(Records drawn from a dataset)
# # # # # # #
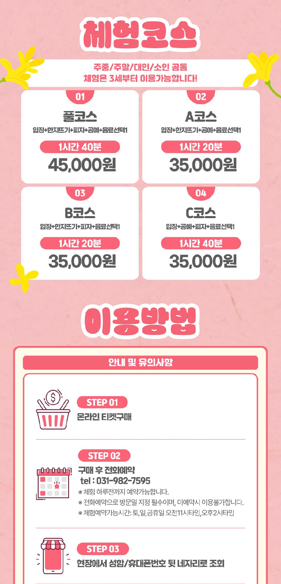 * 예약은 체험자 1명 기준이며 3세부터 체험 가능합니다.
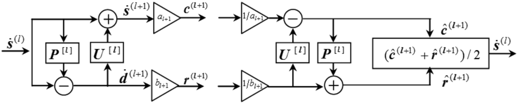 The al+1 and bl+1 are the normalization factors at level l + 1. The decomposition results of the approximation signal ṡ(l) at level l with IRSGWT are expressed as follows:
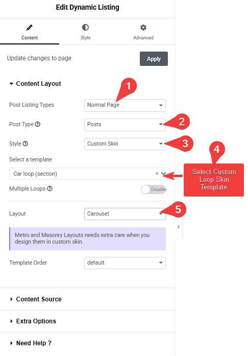 Now your post with custom loop skin will show in a carousel slider. You can manage the carousel from the Style > Carousel Options tab.
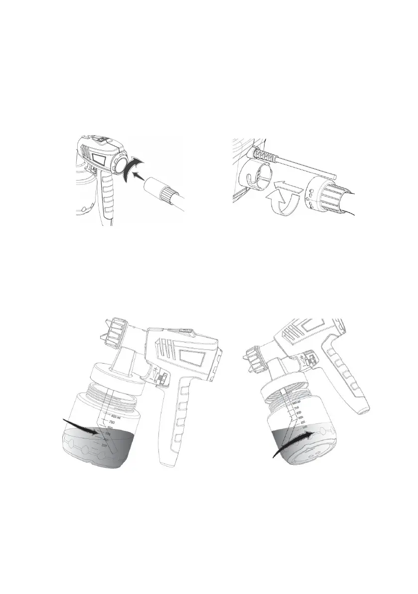 2) Unscrew the container from the spray gun. Aligning suction tube.
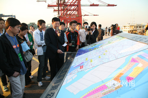 11月11日,廣州港南沙港區負責人向網絡媒體記者介紹南沙港區情況
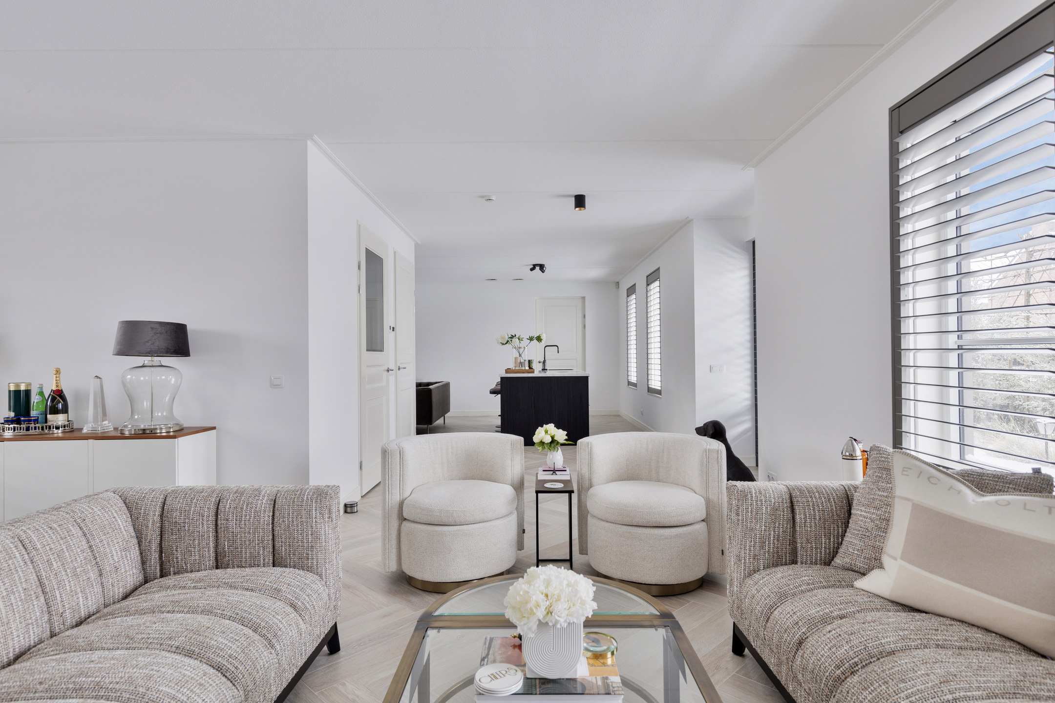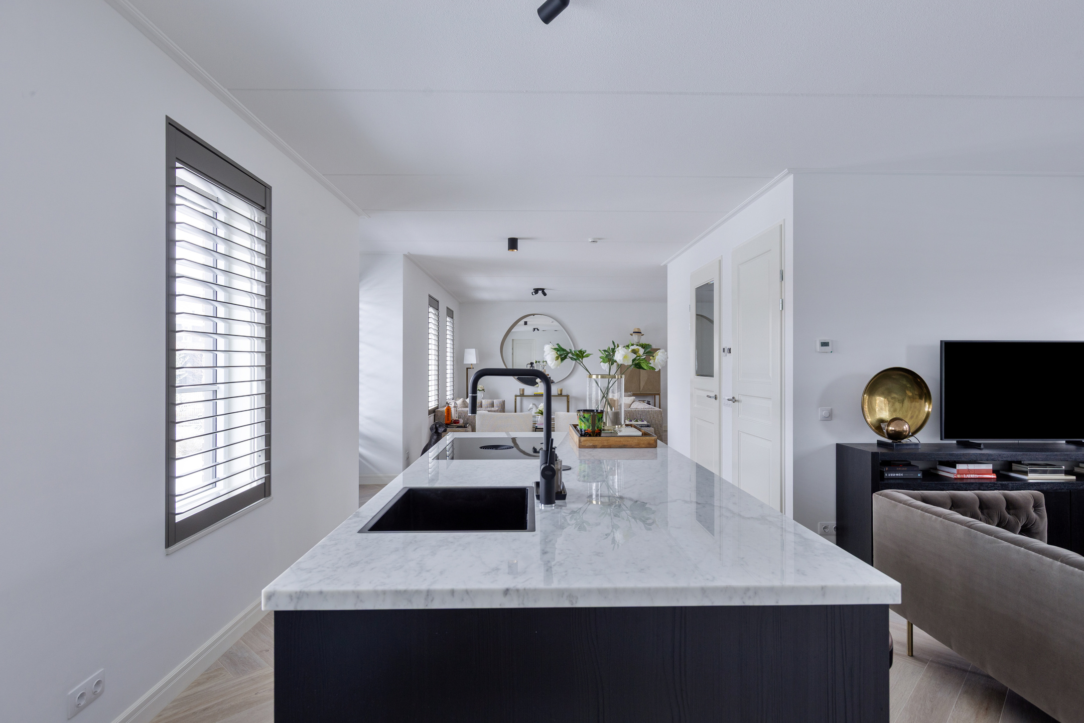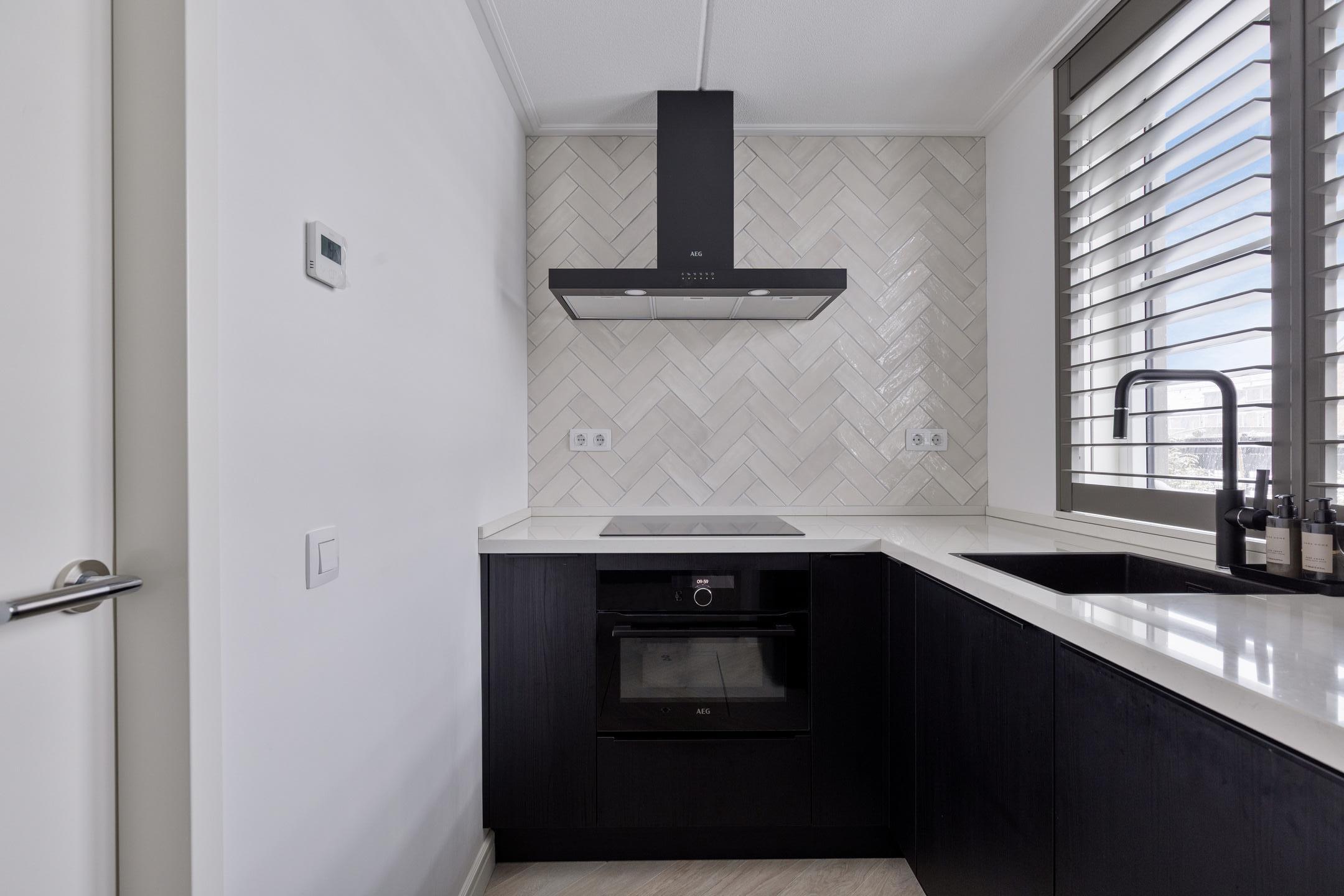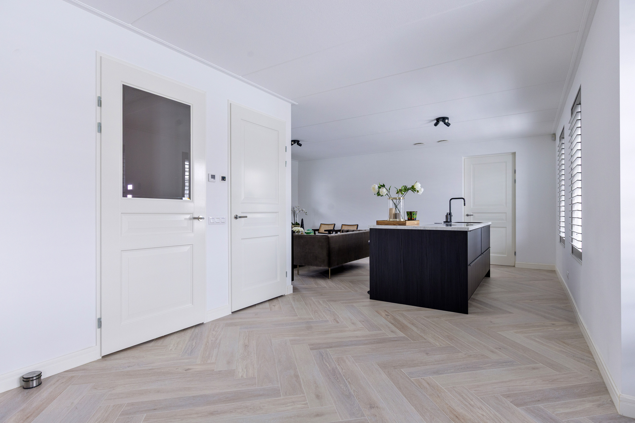 De woonkamer bevindt zich aan de rechterzijde van de woning en is royaal opgezet. De open keuken aan de andere zijde is strak vormgegeven, voorzien van een modern keukenblok met inbouwapparatuur en biedt volop werkruimte. Hier is meer dan genoeg plek voor een grote eettafel of een tweede zithoek – perfect voor gezellige diners of lange avonden met familie en vrienden.
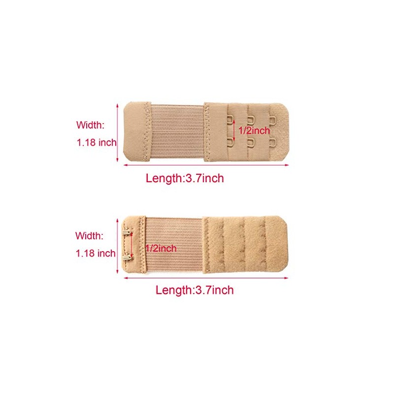 • Women's 2 hooks bra extender size (L x W)}: 3.7 inches x 1.18 inches, with a distance of 1/2 inch between the hook centers. This bra extender has 3 rows of position hooks. With 2 x 3 hooks, you can easily adjust your bras.
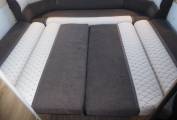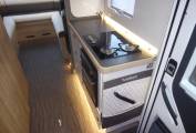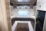 The rear of the vehicle is home to a comfortable U-shaped lounge, located above an externally accessed storage area. This seating can be converted into a transverse double berth. There is also a pull down double berth above the cab.
# # # # # # #
The reply should hold exactly the lines above, starting at the line with "De woonkamer bevindt" and ending at the line with "adjust your bras.", and no pictures.

 De woonkamer bevindt zich aan de rechterzijde van de woning en is royaal opgezet. De open keuken aan de andere zijde is strak vormgegeven, voorzien van een modern keukenblok met inbouwapparatuur en biedt volop werkruimte. Hier is meer dan genoeg plek voor een grote eettafel of een tweede zithoek – perfect voor gezellige diners of lange avonden met familie en vrienden.
 • Women's 2 hooks bra extender size (L x W)}: 3.7 inches x 1.18 inches, with a distance of 1/2 inch between the hook centers. This bra extender has 3 rows of position hooks. With 2 x 3 hooks, you can easily adjust your bras.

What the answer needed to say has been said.